On 4/1/25 4:41 PM, Waiman Long wrote:

On 4/1/25 3:59 PM, Tejun Heo wrote:
Hello, Waiman.

On Mon, Mar 31, 2025 at 11:12:06PM -0400, Waiman Long wrote:
The problem is the RCU delay between the time a cgroup is killed and is in a
dying state and when the partition is deactivated when cpuset_css_offline()
is called. That delay can be rather lengthy depending on the current
workload.
If we don't have to do it too often, synchronize_rcu_expedited() may be
workable too. What do you think?

I don't think we ever call synchronize_rcu() in the cgroup code except for rstat flush. In fact, we didn't use to have an easy way to know if there were dying cpusets hanging around. Now we can probably use the root cgroup's nr_dying_subsys[cpuset_cgrp_id] to know if we need to use synchronize_rcu*() call to wait for it. However, I still need to check if there is any racing window that will cause us to miss it.

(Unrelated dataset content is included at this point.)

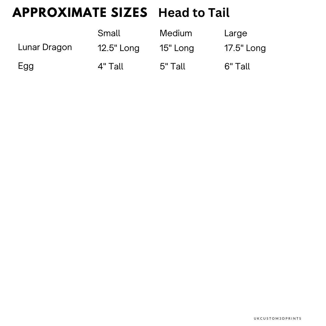 3D Printed Lunar Dragon and optional Egg a must-have for any collector of mythical creatures. The intricate design features a Dragon and an egg, both of which are expertly crafted with precision. The set is perfect for display and makes a great addition to any collection. The set is a great gift for anyone who loves mythical creatures and is sure to impress.

Sorry, I don't think I can use synchronize_rcu_expedited() as the use cases that I am seeing most often is the creation of isolated partitions running latency sensitive applications like DPDK. Using synchronize_rcu_expedited() will send IPIs to all the CPUs which may break the required latency guarantee for those applications. Just using synchronize_rcu(), however, will have unpredictable latency impacting user experience.



Another alternative that I can think of is to scan the remote partition list
for remote partition and sibling cpusets for local partition whenever some
kind of conflicts are detected when enabling a partition. When a dying
cpuset partition is detected, deactivate it immediately to resolve the
conflict. Otherwise, the dying partition will still be deactivated at
cpuset_css_offline() time.

That will be a bit more complex and I think can still get the problem solved
without adding a new method. What do you think? If you are OK with that, I
will send out a new patch later this week.
If synchronize_rcu_expedited() won't do, let's go with the original patch.
The operation does make general sense in that it's for a distinctive step in
the destruction process although I'm a bit curious why it's called before
DYING is set.

Because of the above, I still prefer either using the original patch or scanning for dying cpuset partitions in case a conflict is detected. Please let me know what you think about it.

Thanks,
Longman